While this is bad news, the strain is responsive to the top-choice antibiotic, but it still has some resistance to the drug.

Eventually, it is assumed a strain completely resistant to all forms of treatment options will develop, which would be enormously significant. People worldwide will suffer lifelong complications from gonorrheal infection, which will mean women might have incurable pain and pelvic infections, families may experience infertility, babies may become blind and people could die.

Is there a vaccine for gonorrhea?

The short answer is no, there is no vaccine licensed to prevent gonorrhea. However, scientists have been working on one for a while.

“To date, trials of gonococcal vaccines have had disappointing results,” Lee noted. “However, scientists believe that the meningococcal B vaccination may show cross-protection for gonorrhea.”

The reason this cross-protection can happen is that Neisseria gonorrhoeae, the bacteria that causes gonorrhea, is closely related to Neisseria meningitidis, which causes meningococcal disease.

A large retrospective study indicated that the meningococcal B vaccine offers some protection against gonorrhea. One dose of the vaccine provided 26 percent effectiveness against gonorrhea, and completing the vaccination series provided 40 percent protection.

A 2020 assessment suggested that even a partially protective vaccine, such as the current meningococcal B vaccine, could dramatically decrease the incidence of gonorrhea, even as it becomes more drug-resistant.

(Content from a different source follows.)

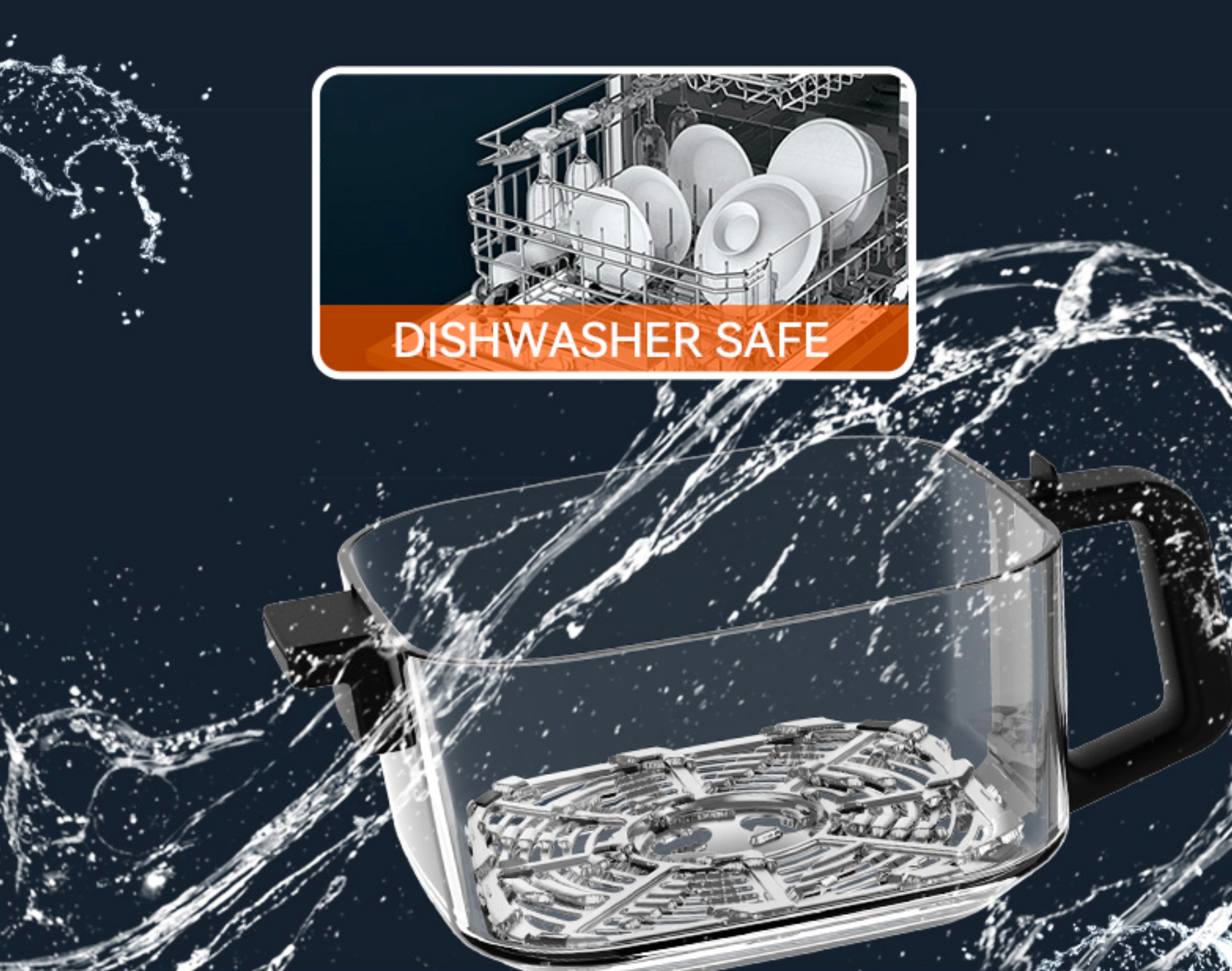After frying, cleaning shouldn't be a problem. Whether by hand or conveniently in the dishwasher, the glass container makes this possible without any problems. You no longer have to worry about the coating being damaged by the dishwasher.

Additional useful resources

Learning about gonorrhea is a good first step toward prevention and treatment options. Three online resources represent a good place to start on that journey:

  1. Planned Parenthood is a nonprofit organization that provides reproductive health services, including testing and treatment for STDs and sexually transmitted infections (STIs). They have a free online chat/text service in English and Spanish to discuss sexual health questions, including helping you figure out if and when you should be tested for STIs.
  2. The CDC is a federal agency that provides information and guidance on a wide range of health topics, including STDs and STIs.
  3. American Sexual Health Association (ASHA) is a nonprofit organization that promotes sexual health and provides information and resources on STDs and STIs, as well as a directory of testing and treatment centers.